Stored items from a collection
........
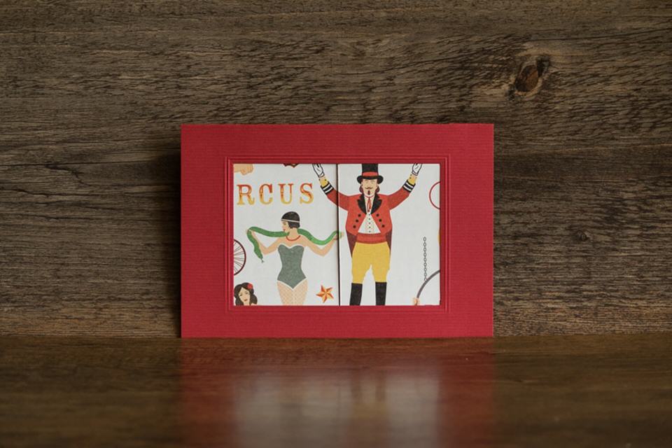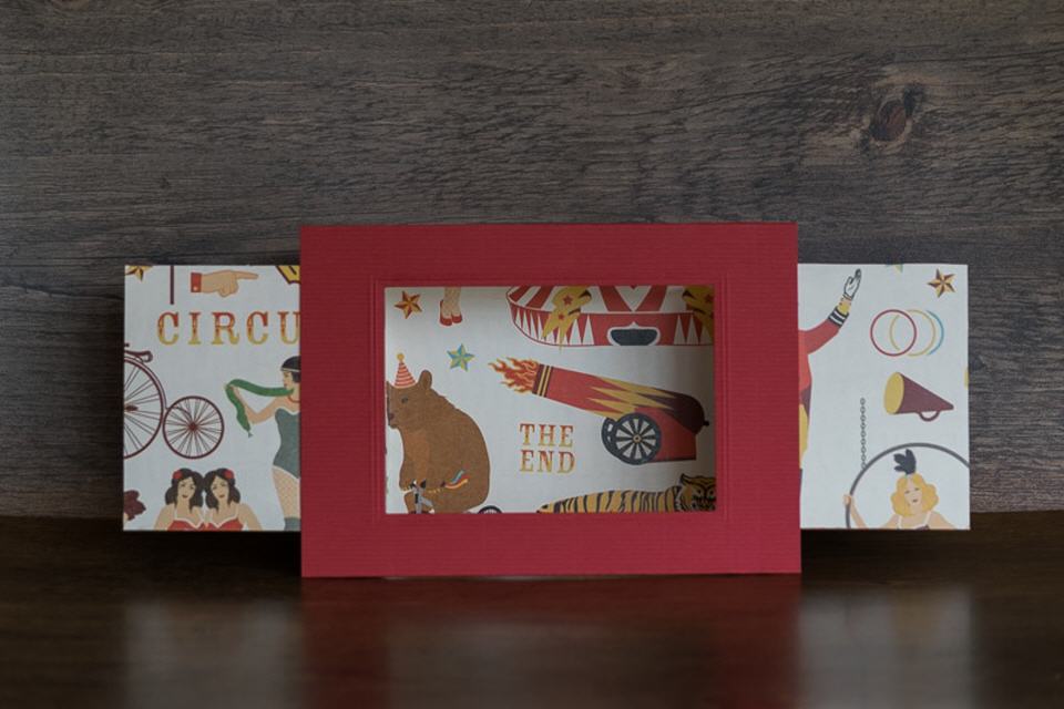 | Kulissenkarte mit Tiefenwirkung: Die Seitenteile der Karte werden aufgezogen, die Kulisse mit der Zirkusmanege wird sichtbar.
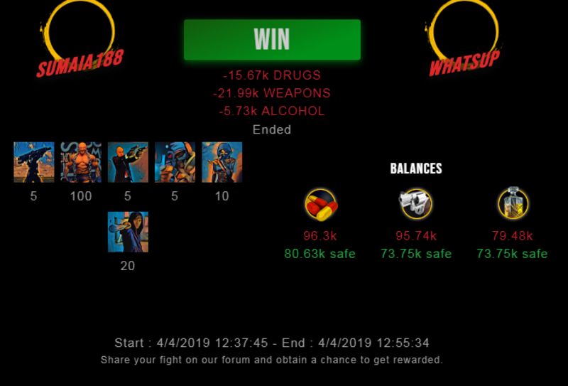 Check my latest fight ! sumaia188 vs whatsupsumaia188 (36)in #drugwars-fight • 7 years ago #gaming #fight #dw
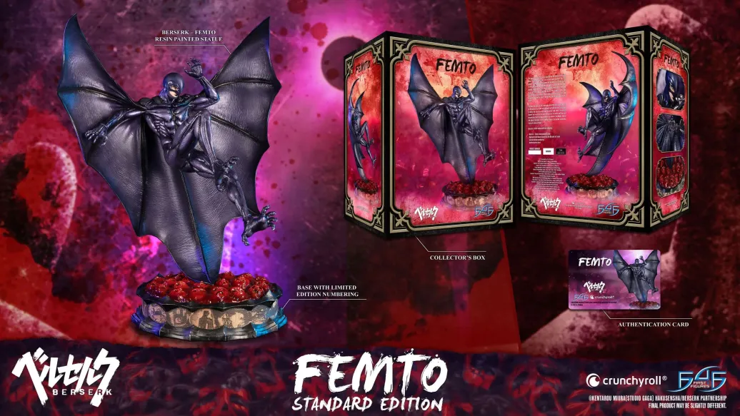 Zum Manga "Berserk" kommt diese limitierte Statue aus hochwertigem Polystone. Das handnummerierte Sammlerstück ist ca. 57 x 38,5 x 68,5 cm groß und wird inklusive Base, styropor-geschützt, in einer bedruckten Box geliefert.
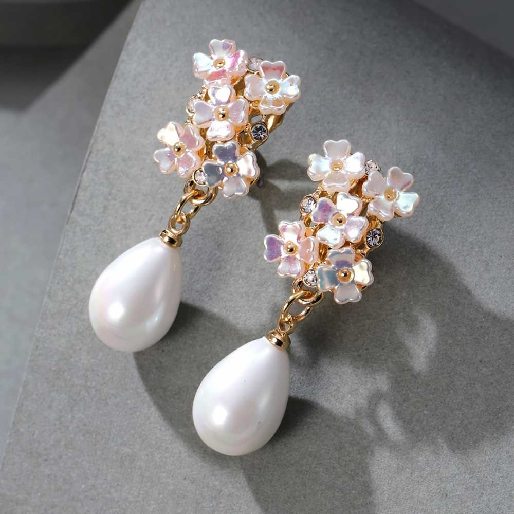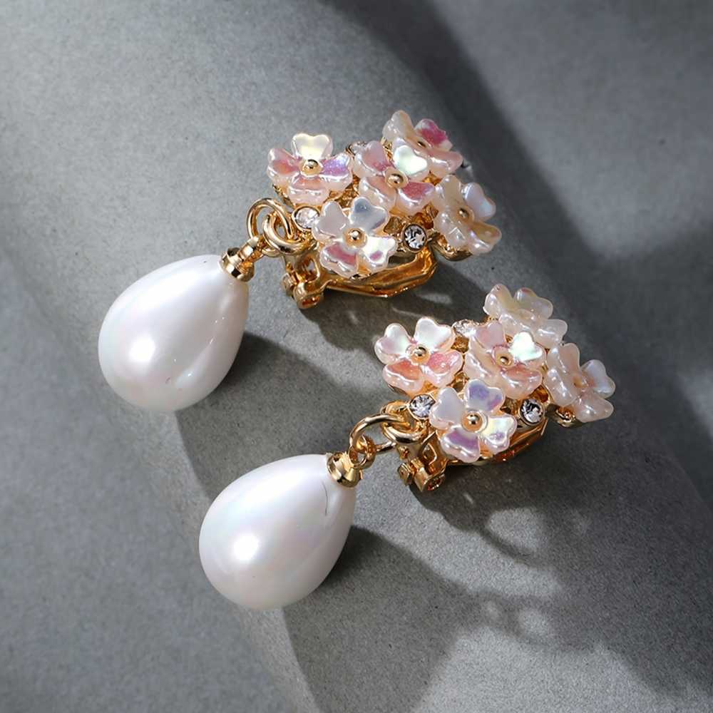 Elegant Clip On Earrings for Women Flower Design with Faux Pearl Drop
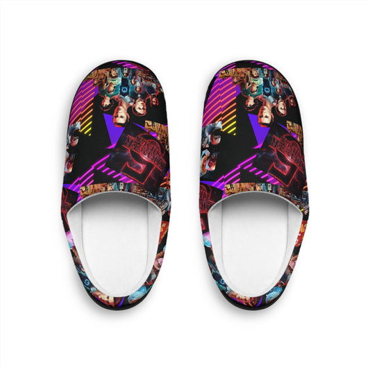 Stranger Things Women's Indoor Slippers — Retro Neon Collage Pop Art Design
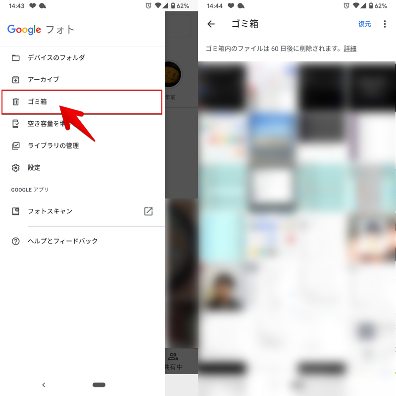 从 Google 相册中删除的照片可以在应用内菜单中找到垃圾桶将被暂时保存,并可在 60 天内恢复。
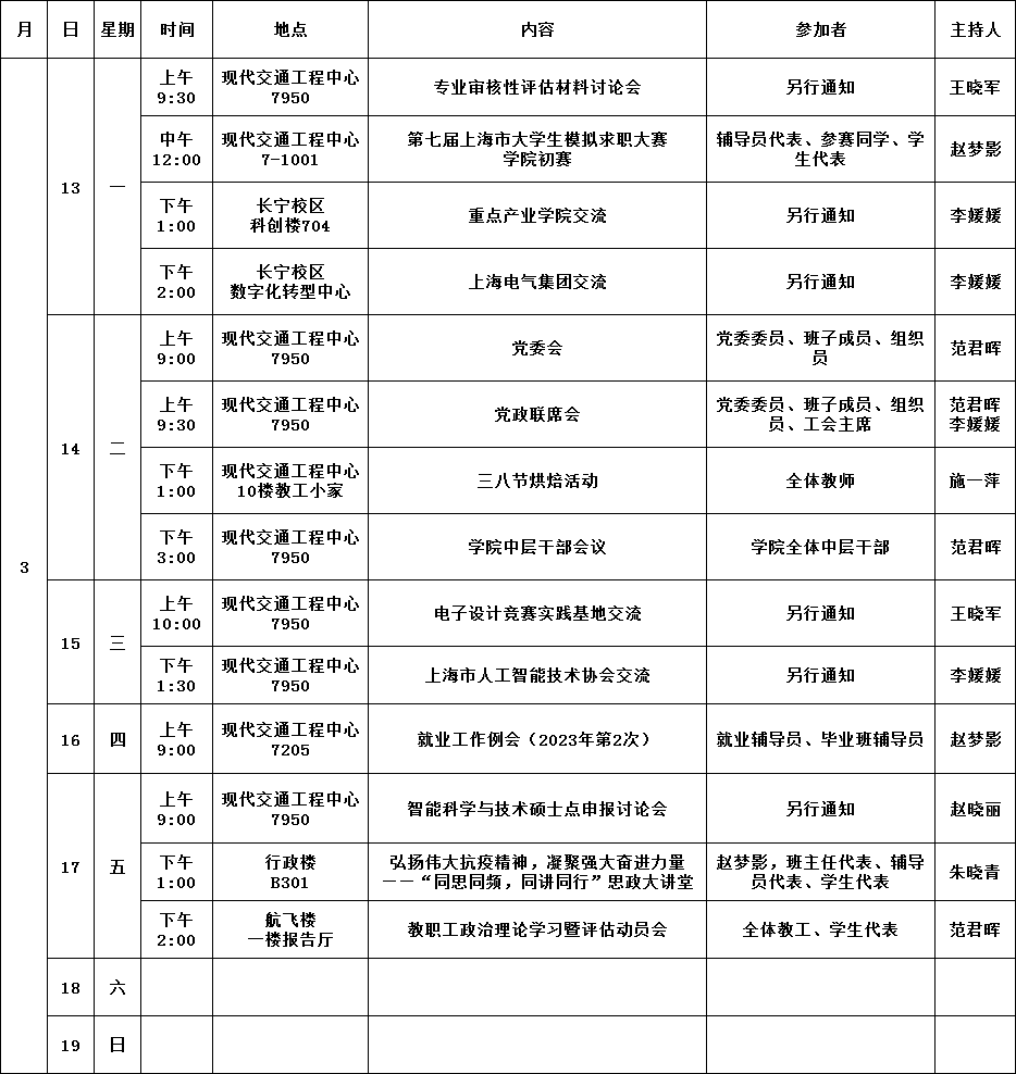 学院第4周活动安排(2023年3月13日-2023年3月19日)
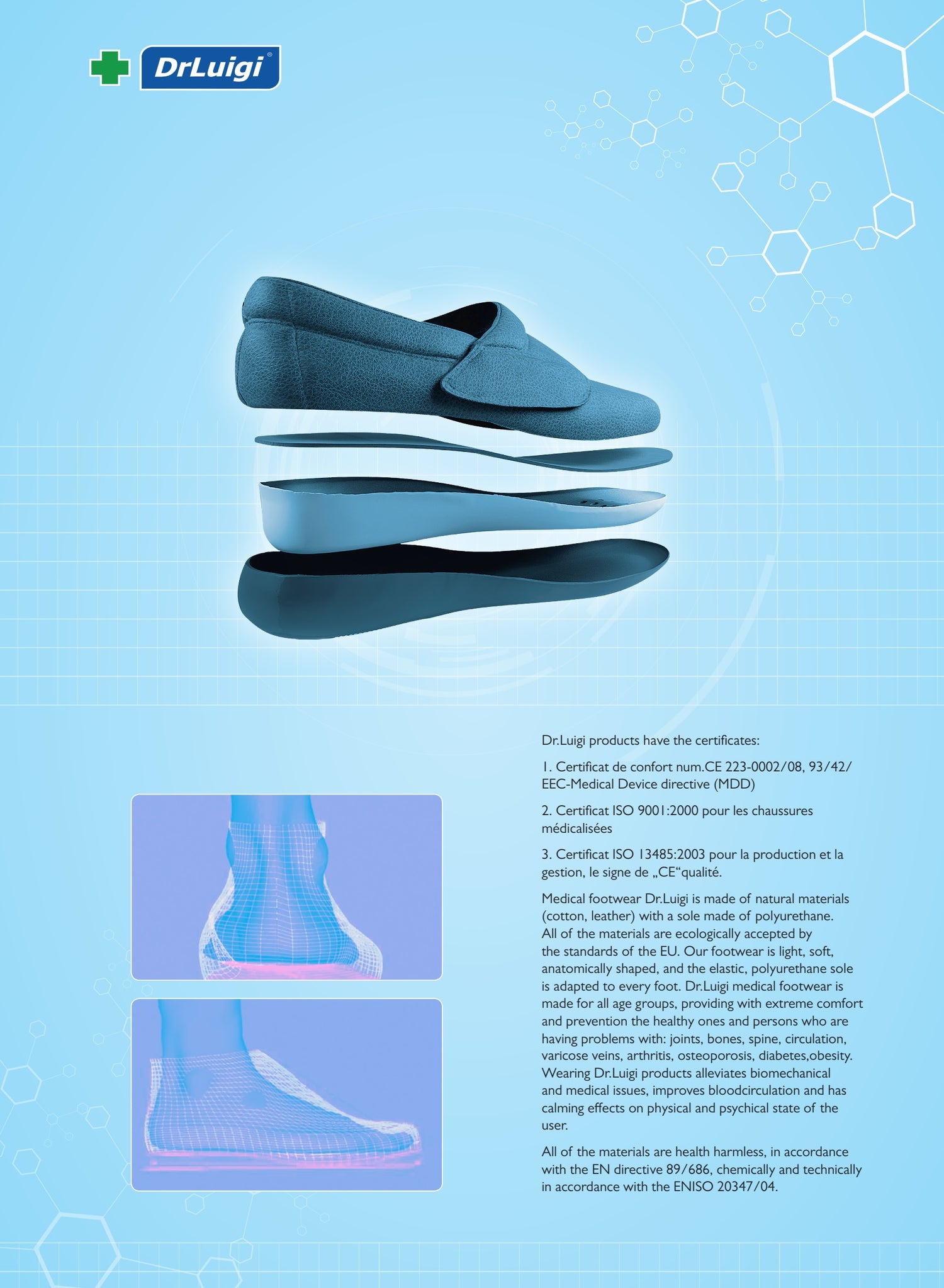 With our special design techniques we created ultra-light comfortable medical footwear (1 pair weighs only 0.2kg) suitable for indoor and outdoor. Our footwear is produced almost entirely out of completely natural materials such as cotton and leather. The production is set in accordance with the most rigorous ecological standards mandated by the European Union and thus our company has obtained the highest certificates for quality, management and design.
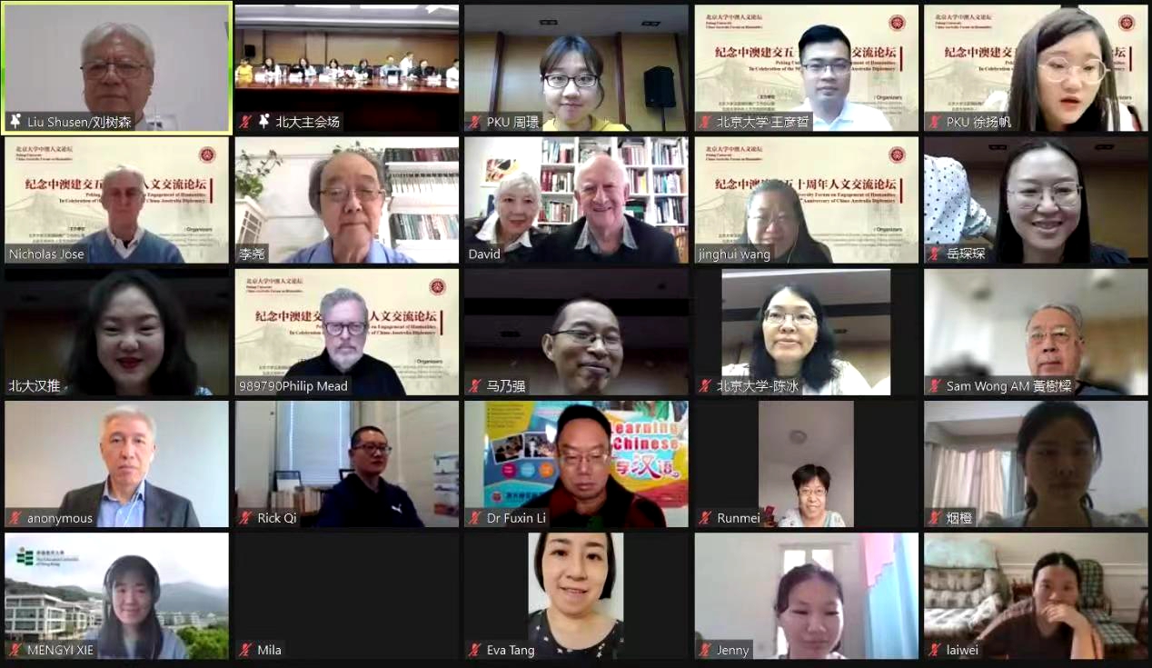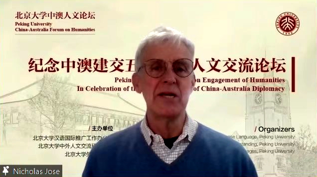 7月12日,由北京大学汉语国际推广工作办公室、北京大学中外人文交流研究基地、新利·体育联合主办的“庆祝中澳建交五十周年人文交流论坛”通过线上线下相结合的方式成功召开。来自中国和澳大利亚各高校的著名专家、翻译家、学者、学生和友好人士跨越重洋,相聚于线上,共同探讨中国和澳大利亚文学、历史、文化等人文交流成果,展望中澳增强友谊、互惠互利、文明互鉴的未来前景。
........
EXERCISE INSTRUCTIONS: Please copy the lines above exactly as written, apart from any pictures.

TASK RESULT:
 | Kulissenkarte mit Tiefenwirkung: Die Seitenteile der Karte werden aufgezogen, die Kulisse mit der Zirkusmanege wird sichtbar.
 Check my latest fight ! sumaia188 vs whatsupsumaia188 (36)in #drugwars-fight • 7 years ago #gaming #fight #dw
 Zum Manga "Berserk" kommt diese limitierte Statue aus hochwertigem Polystone. Das handnummerierte Sammlerstück ist ca. 57 x 38,5 x 68,5 cm groß und wird inklusive Base, styropor-geschützt, in einer bedruckten Box geliefert.
 Elegant Clip On Earrings for Women Flower Design with Faux Pearl Drop
 Stranger Things Women's Indoor Slippers — Retro Neon Collage Pop Art Design
 从 Google 相册中删除的照片可以在应用内菜单中找到垃圾桶将被暂时保存,并可在 60 天内恢复。
 学院第4周活动安排(2023年3月13日-2023年3月19日)
 With our special design techniques we created ultra-light comfortable medical footwear (1 pair weighs only 0.2kg) suitable for indoor and outdoor. Our footwear is produced almost entirely out of completely natural materials such as cotton and leather. The production is set in accordance with the most rigorous ecological standards mandated by the European Union and thus our company has obtained the highest certificates for quality, management and design.
 7月12日,由北京大学汉语国际推广工作办公室、北京大学中外人文交流研究基地、新利·体育联合主办的“庆祝中澳建交五十周年人文交流论坛”通过线上线下相结合的方式成功召开。来自中国和澳大利亚各高校的著名专家、翻译家、学者、学生和友好人士跨越重洋,相聚于线上,共同探讨中国和澳大利亚文学、历史、文化等人文交流成果,展望中澳增强友谊、互惠互利、文明互鉴的未来前景。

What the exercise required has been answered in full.